In the Roman Rite of the Latin Church, as established through the papal document Sacram unctionem infirmorum of 1972, has the priest anoints the sick person's forehead and hands with oil (usually tracing the form of a cross). The formula is as follows: "Through this holy anointing, may the Lord in his love and mercy help you with the grace of the Holy Spirit. May the Lord who frees you from sin save you and raise you up." He may also, in accordance with local culture and traditions, and the needs of the sick person, anoint other parts of the body, but without repeating the required sacramental formula.

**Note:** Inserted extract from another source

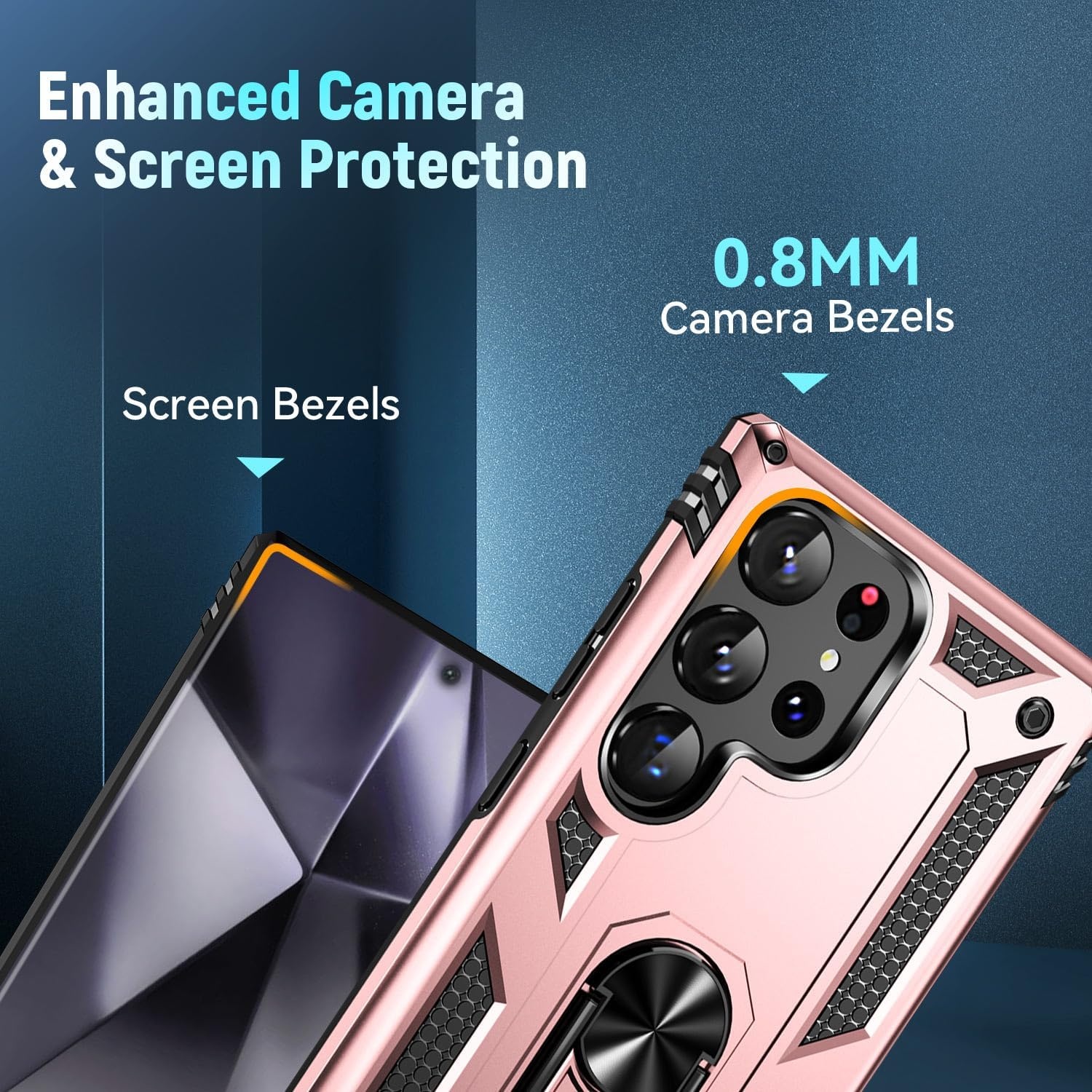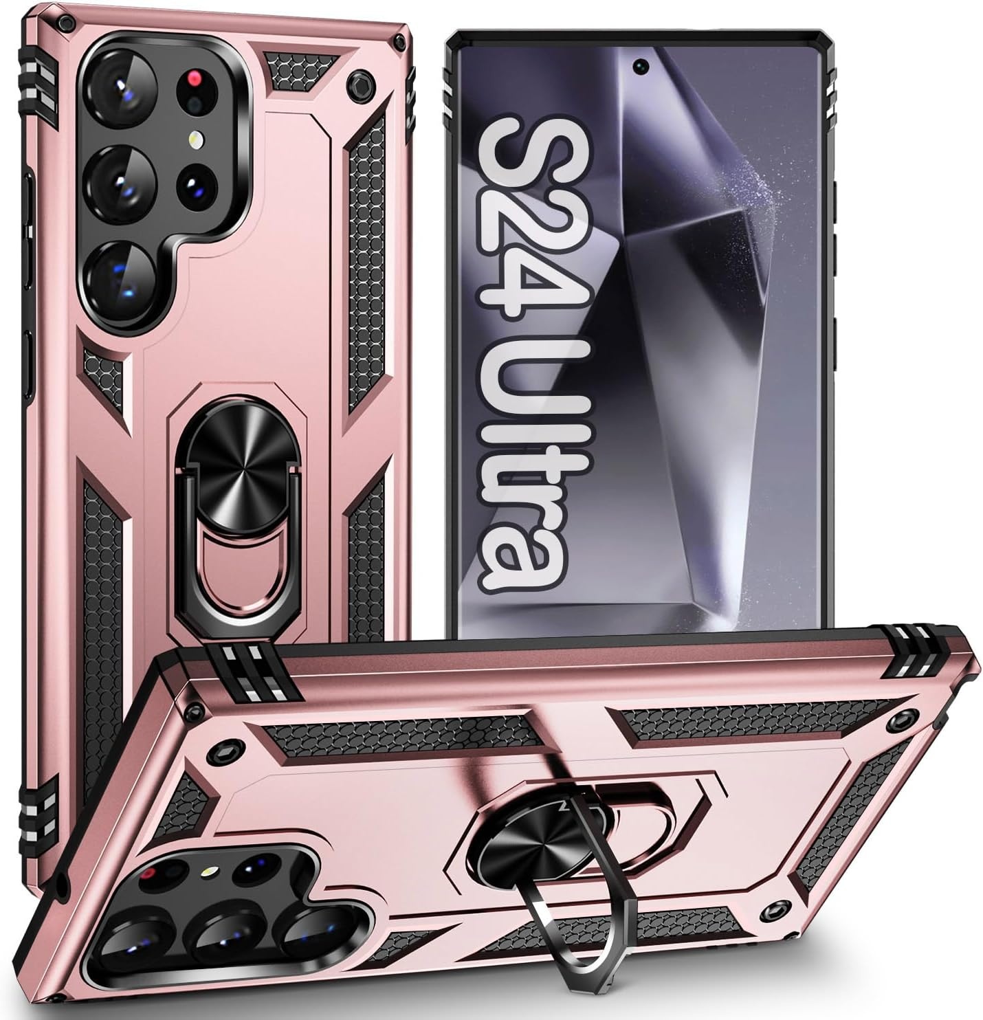 Hoesje Geschikt voor Samsung Galaxy S24 Ultra hoesje Rose Goud Hybrid Armor Anti-Shock hoesje - Galaxy S24 Ultra 5G Hoesje kickstand Ring houder cover TPU backcover hoesje
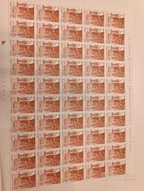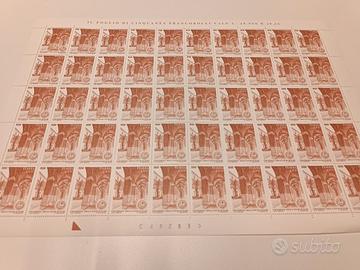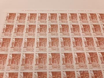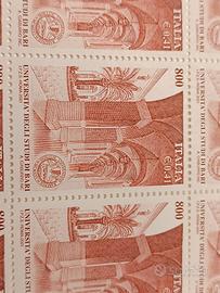 francobolli Italia 2001 lire 800 euro 0,41 università degli studi di Bari via, foglio da 50 francobolli.

The previous form used in the Roman Rite included anointing seven parts of the body, while saying (in Latin): "Through this holy anointing, may the Lord pardon you whatever sins/faults you have committed by... ." The sense in question was then mentioned: sight, hearing, smell, taste, touch, walking, and carnal delectation. Touching of the loins was generally omitted in English-speaking countries unless a male believers consented; it was forbidden in general so to do on female believers.

==Eastern Catholic churches==
In a number of the 23 Eastern Catholic Churches, the sacrament (or "sacred mystery") of Anointing the Sick is administered using various liturgies, often identical with forms used by Eastern Orthodox churches not in communion with Rome. Adaptation or development of liturgical forms in the Eastern Catholic Churches is overseen by the Congregation for the Oriental Churches, which is part of the Roman Curia.